Myocardial bridge (MB) is a congenital coronary anomaly that is anatomically well recognized since the sixteenth century. Although, this condition is frequently asymptomatic, MB may be responsible for adverse ischemic-related complications including angina, myocardial ischemia, acute myocardial infarction, left ventricular dysfunction, cardiac arrhythmias, and even sudden cardiac death. The incidence of MB varies depending on the method of detection. It may vary from 1.5 to 16% when analyzed by angiography and up to 80% when assessed by autopsy. Flow alterations and turbulent coronary blood flow due to the MB can develop accelerated atherosclerosis in the coronary segment immediately proximal to the bridged segment. Other important factors to contemplate are the concomitant number of affected arteries or tunneled segments, and the degree of reduction in lumen diameter during systolic contraction or kinking. First-line therapy involves pharmacological treatment with beta-blockers and calcium-channel blockers, while nitrates are contraindicated due to adverse increase in heart rate and myocardial hypercontractility from reflex sympathetic activation. Non-pharmacological therapy, namely, surgical intervention and percutaneous coronary intervention with implantation of diluted stents should only be considered as a therapeutic option in patients with MB refractory to medical therapy and documented myocardial ischemia. A large, prospective randomized clinical trial is required to identify the best treatment strategy for patients with myocardial bridging.

Keywords: myocardial bridge, myocardial ischemia, myocardial infarction, coronary angiography, congenital coronary anomaly

The term myocardial bridge (MB) is utilized when the muscle tissue overlies the intra-myocardial segment of the epicardial coronary artery. MB is a congenital coronary anomaly that is anatomically well recognized since the sixteenth century.¹ The prevalence of MB varies among different studies with different diagnostic methods. The rates reported in autopsy series range from 4.7% to 60%, and are much higher than those obtained in angiographic studies (0.5% to 12%). In addition, the prevalence rates increase to 40% when a positive inotropic medication is used as a provocative agent.^2–4 Although, MB is frequently asymptomatic, it may produce ischemic-related signs and symptoms, including acute myocardial infarction, heart failure, ventricular arrhythmias, and even sudden cardiac death.^5–11

MB was first observed by coronary angiography in 1960.¹² Since then it was reported with other imaging modalities such as coronary computed tomographic angiography, intravascular ultrasound, optical coherence tomography, intracoronary Doppler, and fractional coronary flow reserve.^13–17 These modern imaging techniques have enabled better analysis of the anatomic and hemodynamic consequences of the systolic compression by the MB, including pathological effects on coronary flow.¹⁷

Despite the increased comprehension of this condition, treatment options remain limited due to the lack of randomized clinical trials. Medical management with drug agents such as beta-blockers and calcium-channel blockers remain first-line therapy.¹⁸ Surgical excision of the MB is reserved only for refractory cases to pharmacological treatment.^19,20 Percutaneous coronary intervention with stent implantation has been performed also in drug refractory patients. However, complications related to stent fracture,^21,22 stent thrombosis, in-stent restenosis, and coronary perforations have been reported.^23–26 It is our intention to describe the epidemiological and anatomical characteristics and analyze the clinical alterations produced by MB, and assess current treatment options including medical and invasive therapies.

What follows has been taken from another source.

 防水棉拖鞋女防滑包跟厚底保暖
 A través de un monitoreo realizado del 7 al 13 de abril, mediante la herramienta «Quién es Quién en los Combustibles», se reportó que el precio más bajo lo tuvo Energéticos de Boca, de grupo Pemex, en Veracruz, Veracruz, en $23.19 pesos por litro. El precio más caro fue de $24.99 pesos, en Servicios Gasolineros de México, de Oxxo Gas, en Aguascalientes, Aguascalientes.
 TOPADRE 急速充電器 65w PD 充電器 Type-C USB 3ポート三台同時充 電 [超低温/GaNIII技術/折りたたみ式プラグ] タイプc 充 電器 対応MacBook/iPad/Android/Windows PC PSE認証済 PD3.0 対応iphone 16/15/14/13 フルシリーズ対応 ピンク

In some cases there is more than one MB, either affecting the same coronary artery or different vessels.^27–31 MB is traditionally considered a benign condition; however, its association with myocardial ischemia and infarction has considerably increased their clinical relevance. Anatomically, the muscle overlying the intramyocardial segment of the epicardial coronary artery is termed MB, and the coronary artery entering the muscle tissue is called tunneled artery. The coronary arteries may immerse deep into the myocardium for varying lengths, and then reemerged on the epicardial surface. Although MB can be found in any epicardial artery, most of them (up to 98%) compromise the LAD. The presence of the MB allows dividing the coronary artery into three segments: proximal, underneath and distal to the MB.^28–30 The incidence of MB varies depending on the diagnostic auxiliary method utilized for detection. When this entity is analyzed by coronary angiography it may vary from 1.5 to 16%.³⁰ However, when assessed by autopsy, its incidence may be elevated up to 80%.³¹ This dissimilarity in prevalence reflects the difference between an anatomical finding on autopsy, and the milking phenomenon on coronary angiography. The segments of coronary artery that penetrate the myocardial layers of the ventricle are surrounded by muscular fibers. Hence, these artery segments can greatly decrease in caliber during ventricular contraction in systole, an effect known as “milking”, due to the external pressure of the myocardial fibers on the coronary artery wall. Pathologic assessment of MB includes findings of thin bridges or even myocardial loops with little hemodynamic consequence than would not produce clearly visible systolic compression on angiography. These angiographically obtained rates can increase up to 40% if provocation tests are utilized (32). Coronary angiography remains the most common imaging technique for diagnosing myocardial bridging.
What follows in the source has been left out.